TASK DIRECTIONS | Reproduce the records below exactly, leaving their images out.

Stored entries
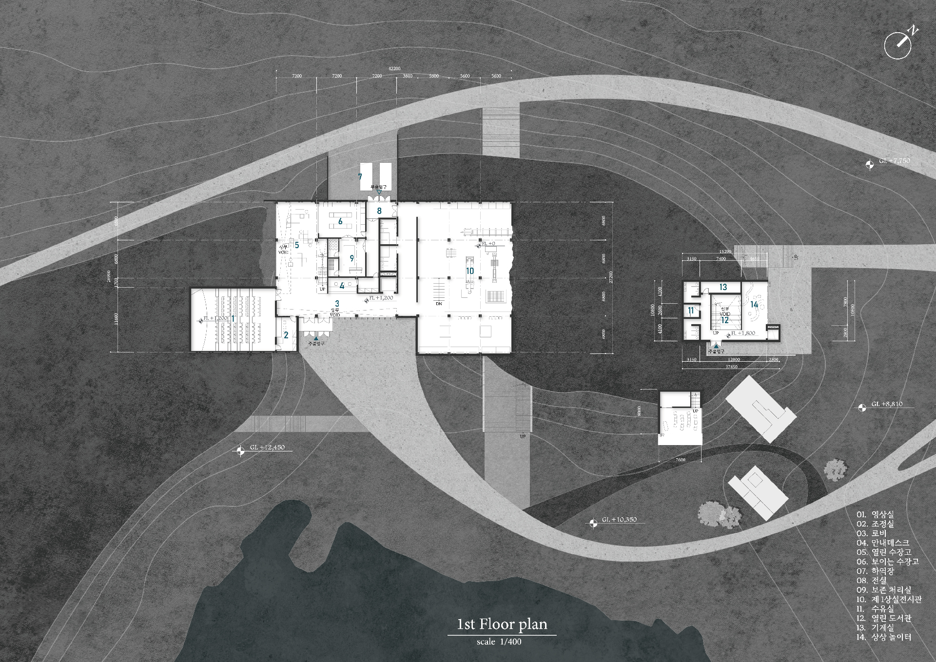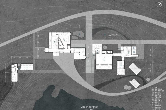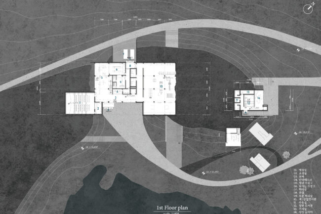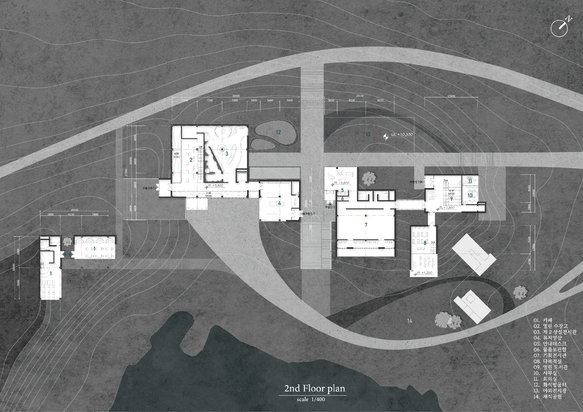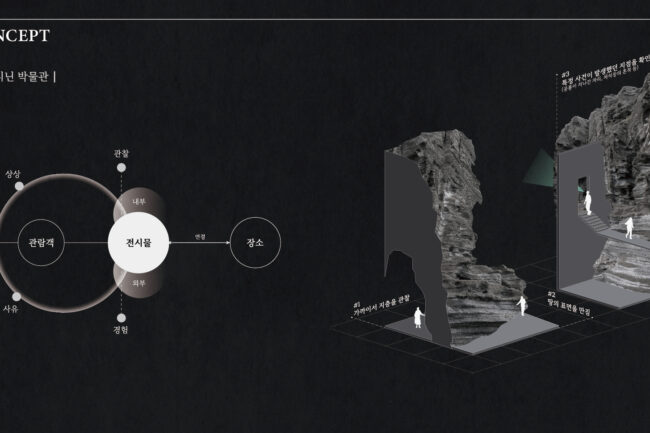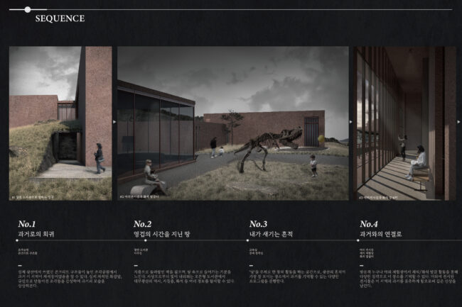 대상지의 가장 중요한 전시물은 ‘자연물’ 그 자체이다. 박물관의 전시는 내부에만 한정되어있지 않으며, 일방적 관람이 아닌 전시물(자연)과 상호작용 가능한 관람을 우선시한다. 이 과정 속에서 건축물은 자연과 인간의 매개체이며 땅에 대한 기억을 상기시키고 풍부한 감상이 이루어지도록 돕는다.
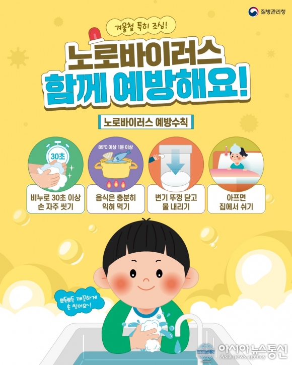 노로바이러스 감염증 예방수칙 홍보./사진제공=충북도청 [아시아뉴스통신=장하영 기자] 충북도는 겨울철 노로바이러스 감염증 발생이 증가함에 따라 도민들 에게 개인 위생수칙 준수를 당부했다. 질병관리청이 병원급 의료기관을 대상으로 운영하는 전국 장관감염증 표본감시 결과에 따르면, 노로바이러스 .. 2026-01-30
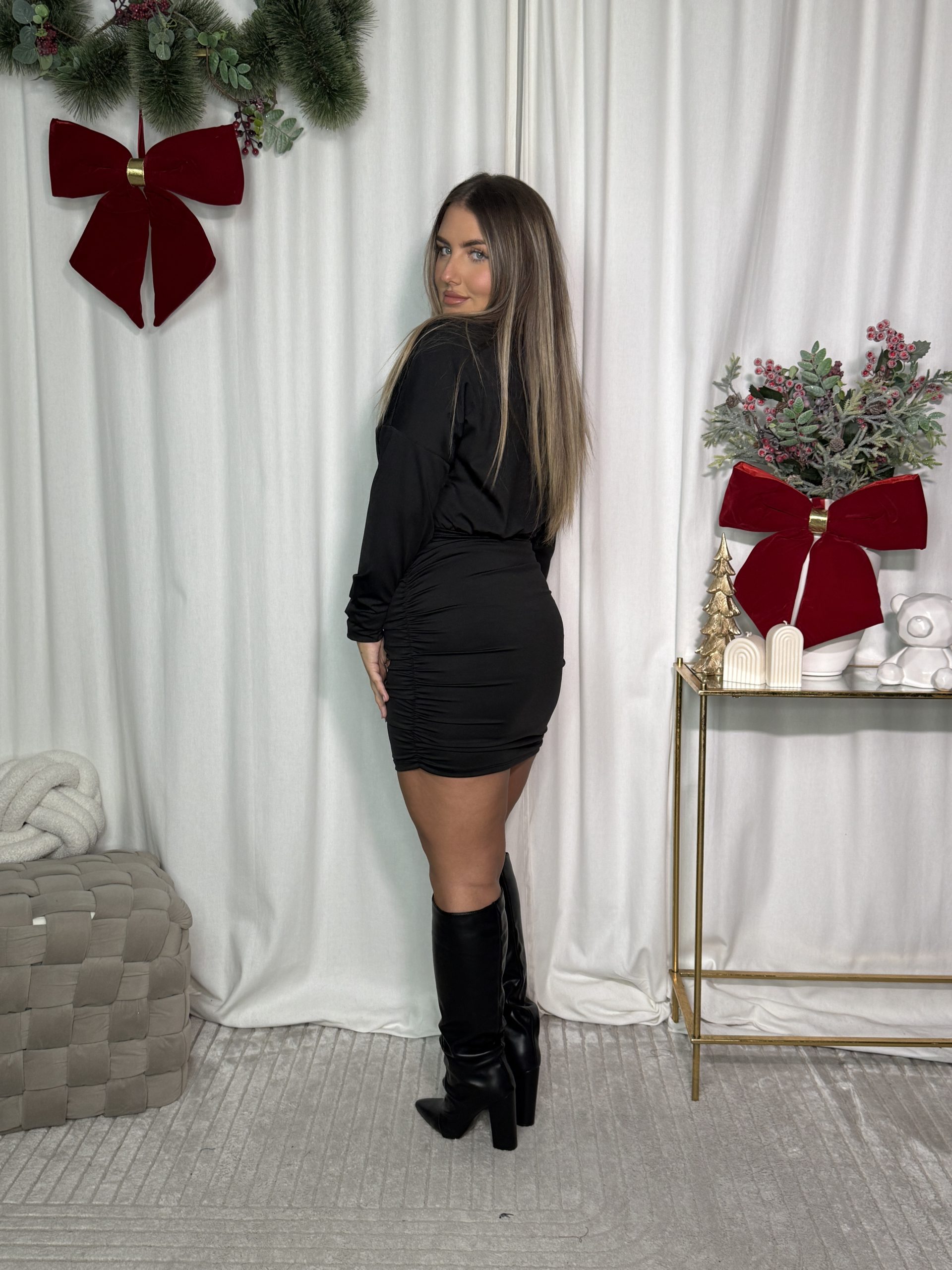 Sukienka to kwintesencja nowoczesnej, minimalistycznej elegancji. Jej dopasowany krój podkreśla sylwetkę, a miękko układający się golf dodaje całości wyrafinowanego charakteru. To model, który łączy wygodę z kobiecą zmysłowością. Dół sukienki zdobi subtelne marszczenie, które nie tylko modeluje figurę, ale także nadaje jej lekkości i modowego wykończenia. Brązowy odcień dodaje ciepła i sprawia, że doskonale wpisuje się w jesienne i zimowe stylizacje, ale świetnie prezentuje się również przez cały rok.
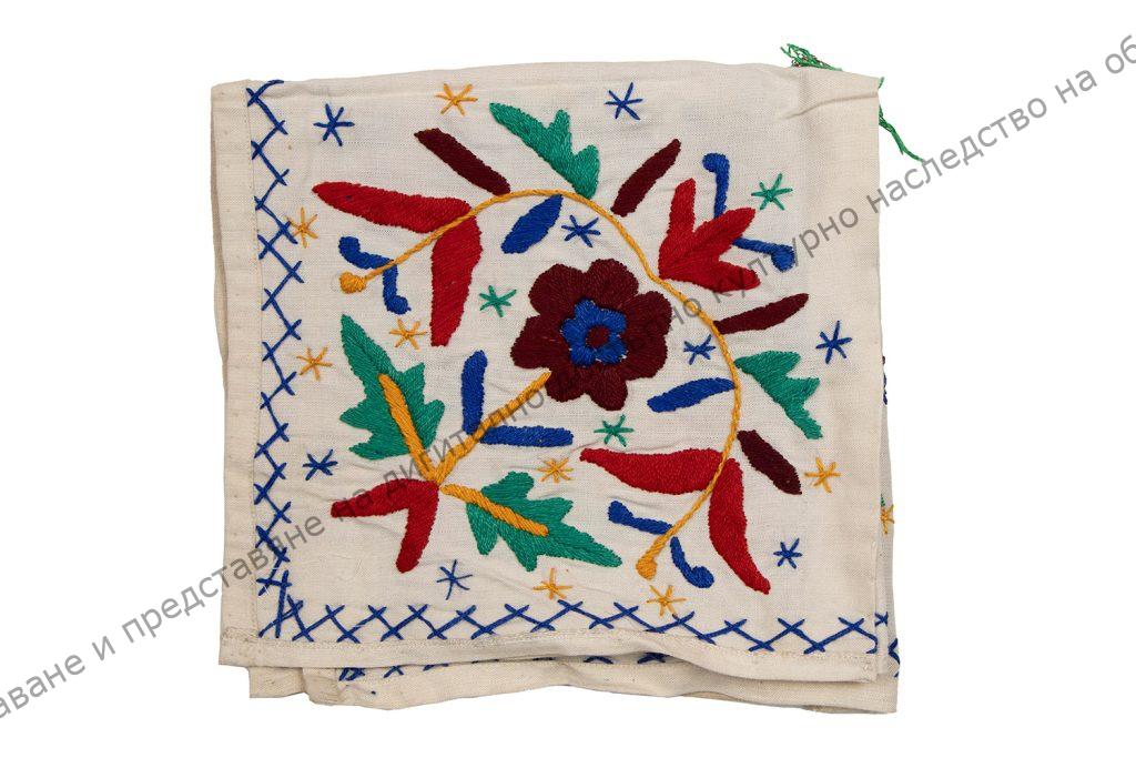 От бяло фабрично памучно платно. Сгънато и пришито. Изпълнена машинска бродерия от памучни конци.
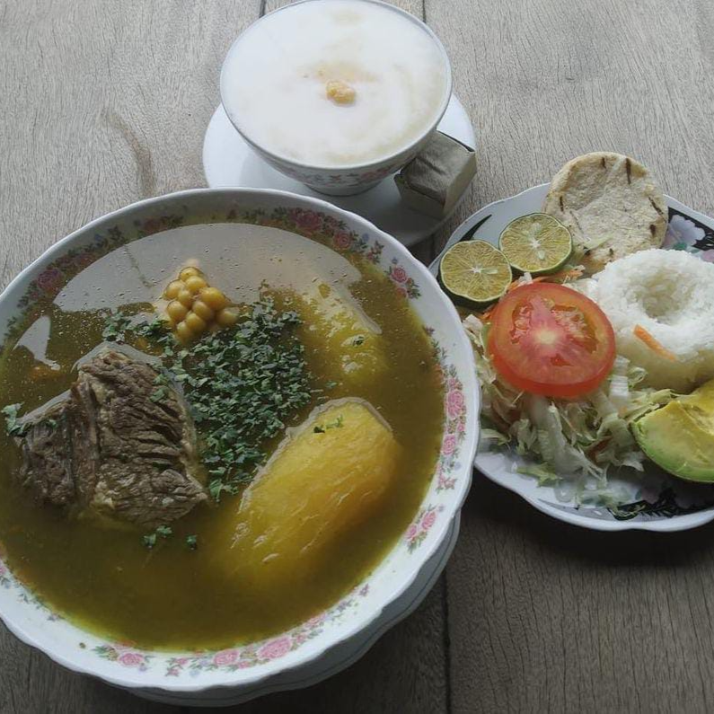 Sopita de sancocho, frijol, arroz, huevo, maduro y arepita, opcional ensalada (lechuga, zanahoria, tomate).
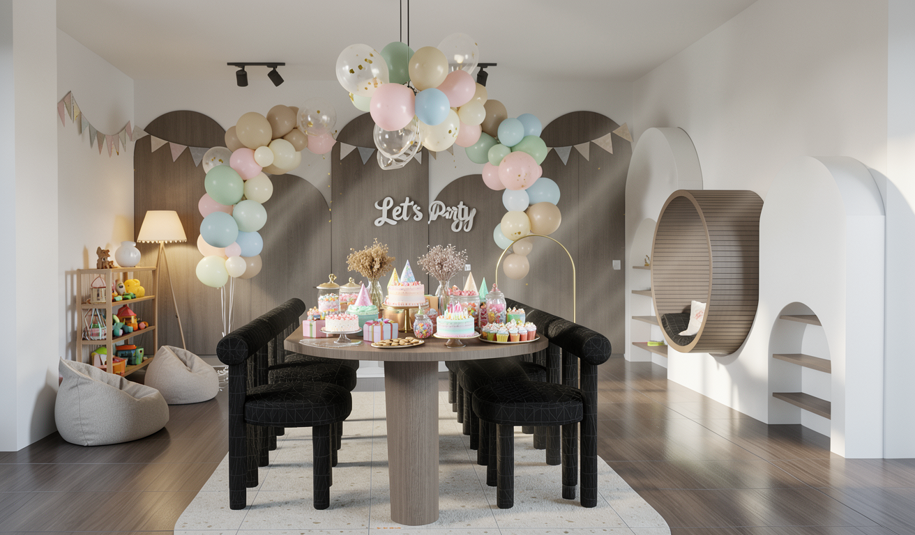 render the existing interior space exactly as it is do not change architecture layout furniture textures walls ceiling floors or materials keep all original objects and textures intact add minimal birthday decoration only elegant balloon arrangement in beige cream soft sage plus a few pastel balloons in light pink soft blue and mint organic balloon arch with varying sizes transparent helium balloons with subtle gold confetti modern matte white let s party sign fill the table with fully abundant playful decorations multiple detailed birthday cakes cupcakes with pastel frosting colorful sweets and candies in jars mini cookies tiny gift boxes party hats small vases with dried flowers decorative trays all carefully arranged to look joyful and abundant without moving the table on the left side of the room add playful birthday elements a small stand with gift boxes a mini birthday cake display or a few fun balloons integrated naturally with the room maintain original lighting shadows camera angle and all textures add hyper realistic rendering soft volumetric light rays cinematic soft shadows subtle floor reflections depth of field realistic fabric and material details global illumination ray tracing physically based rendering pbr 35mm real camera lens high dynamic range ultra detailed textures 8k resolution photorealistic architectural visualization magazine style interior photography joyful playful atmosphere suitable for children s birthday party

WRITTEN RESPONSE |
 대상지의 가장 중요한 전시물은 ‘자연물’ 그 자체이다. 박물관의 전시는 내부에만 한정되어있지 않으며, 일방적 관람이 아닌 전시물(자연)과 상호작용 가능한 관람을 우선시한다. 이 과정 속에서 건축물은 자연과 인간의 매개체이며 땅에 대한 기억을 상기시키고 풍부한 감상이 이루어지도록 돕는다.
 노로바이러스 감염증 예방수칙 홍보./사진제공=충북도청 [아시아뉴스통신=장하영 기자] 충북도는 겨울철 노로바이러스 감염증 발생이 증가함에 따라 도민들 에게 개인 위생수칙 준수를 당부했다. 질병관리청이 병원급 의료기관을 대상으로 운영하는 전국 장관감염증 표본감시 결과에 따르면, 노로바이러스 .. 2026-01-30
 Sukienka to kwintesencja nowoczesnej, minimalistycznej elegancji. Jej dopasowany krój podkreśla sylwetkę, a miękko układający się golf dodaje całości wyrafinowanego charakteru. To model, który łączy wygodę z kobiecą zmysłowością. Dół sukienki zdobi subtelne marszczenie, które nie tylko modeluje figurę, ale także nadaje jej lekkości i modowego wykończenia. Brązowy odcień dodaje ciepła i sprawia, że doskonale wpisuje się w jesienne i zimowe stylizacje, ale świetnie prezentuje się również przez cały rok.
 От бяло фабрично памучно платно. Сгънато и пришито. Изпълнена машинска бродерия от памучни конци.
 Sopita de sancocho, frijol, arroz, huevo, maduro y arepita, opcional ensalada (lechuga, zanahoria, tomate).
 render the existing interior space exactly as it is do not change architecture layout furniture textures walls ceiling floors or materials keep all original objects and textures intact add minimal birthday decoration only elegant balloon arrangement in beige cream soft sage plus a few pastel balloons in light pink soft blue and mint organic balloon arch with varying sizes transparent helium balloons with subtle gold confetti modern matte white let s party sign fill the table with fully abundant playful decorations multiple detailed birthday cakes cupcakes with pastel frosting colorful sweets and candies in jars mini cookies tiny gift boxes party hats small vases with dried flowers decorative trays all carefully arranged to look joyful and abundant without moving the table on the left side of the room add playful birthday elements a small stand with gift boxes a mini birthday cake display or a few fun balloons integrated naturally with the room maintain original lighting shadows camera angle and all textures add hyper realistic rendering soft volumetric light rays cinematic soft shadows subtle floor reflections depth of field realistic fabric and material details global illumination ray tracing physically based rendering pbr 35mm real camera lens high dynamic range ultra detailed textures 8k resolution photorealistic architectural visualization magazine style interior photography joyful playful atmosphere suitable for children s birthday party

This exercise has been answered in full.